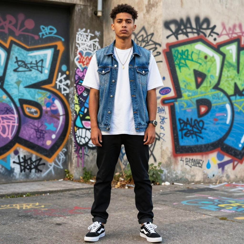 A young man stands confidently in a vibrant urban setting, showcasing a stylish outfit that blends modern streetwear with artistic flair. The graffiti-covered walls create a colorful backdrop, emphasizing the creativity and energy of the environment, perfect for those seeking inspiration in street culture.
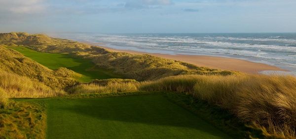 特伦普国际林克斯球场-苏格兰——苏格兰阿伯丁;第14洞:标准杆4杆,长度445码 你得爬上高耸的后面的发球台才能把整个美景都尽收眼底,但你这么做绝对是值得的!北海那壮观的,没有掩藏的美景,海滩还有类似圆形剧场般的沙丘包裹着比看上去更宽阔的球道。
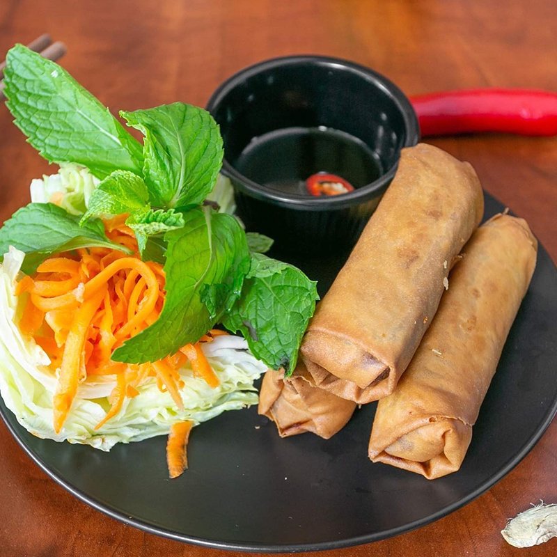 Fresh Vietnamese vegetables wrapped in a dedicate pastry, cooked until golden and crispy, fresh lettuces, mints, pickle carrots and served with Vietnamese homemade dressing sauce.
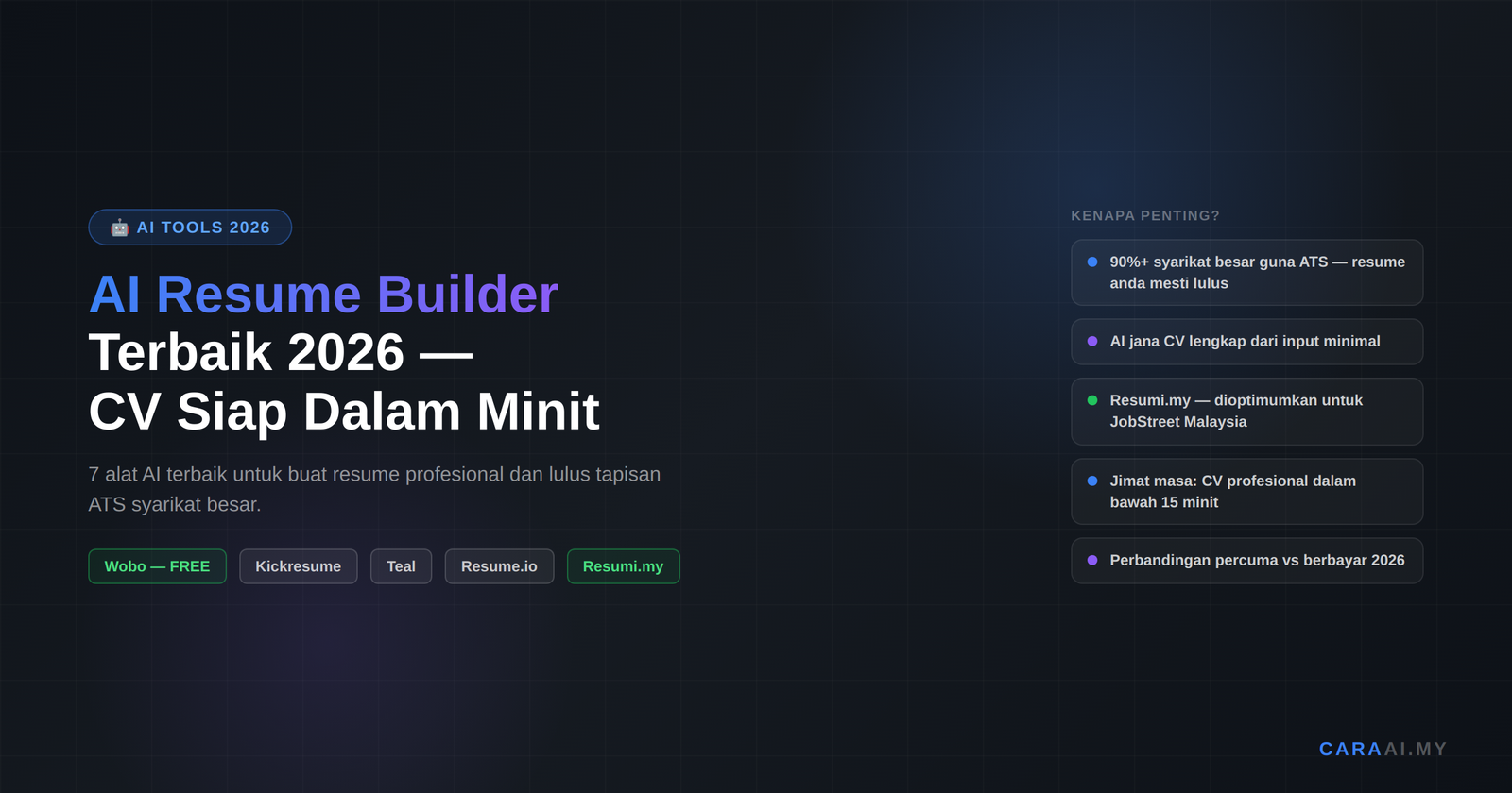 Artikel ini membandingkan 7 AI resume builder terbaik 2026, termasuk pilihan khusus untuk pasaran kerja Malaysia.

REQUIREMENT ▸ The data shown above must be printed again exactly, with no images included.

PROBLEM SOLUTION ▸
 A young man stands confidently in a vibrant urban setting, showcasing a stylish outfit that blends modern streetwear with artistic flair. The graffiti-covered walls create a colorful backdrop, emphasizing the creativity and energy of the environment, perfect for those seeking inspiration in street culture.
 特伦普国际林克斯球场-苏格兰——苏格兰阿伯丁;第14洞:标准杆4杆,长度445码 你得爬上高耸的后面的发球台才能把整个美景都尽收眼底,但你这么做绝对是值得的!北海那壮观的,没有掩藏的美景,海滩还有类似圆形剧场般的沙丘包裹着比看上去更宽阔的球道。
 Fresh Vietnamese vegetables wrapped in a dedicate pastry, cooked until golden and crispy, fresh lettuces, mints, pickle carrots and served with Vietnamese homemade dressing sauce.
 Artikel ini membandingkan 7 AI resume builder terbaik 2026, termasuk pilihan khusus untuk pasaran kerja Malaysia.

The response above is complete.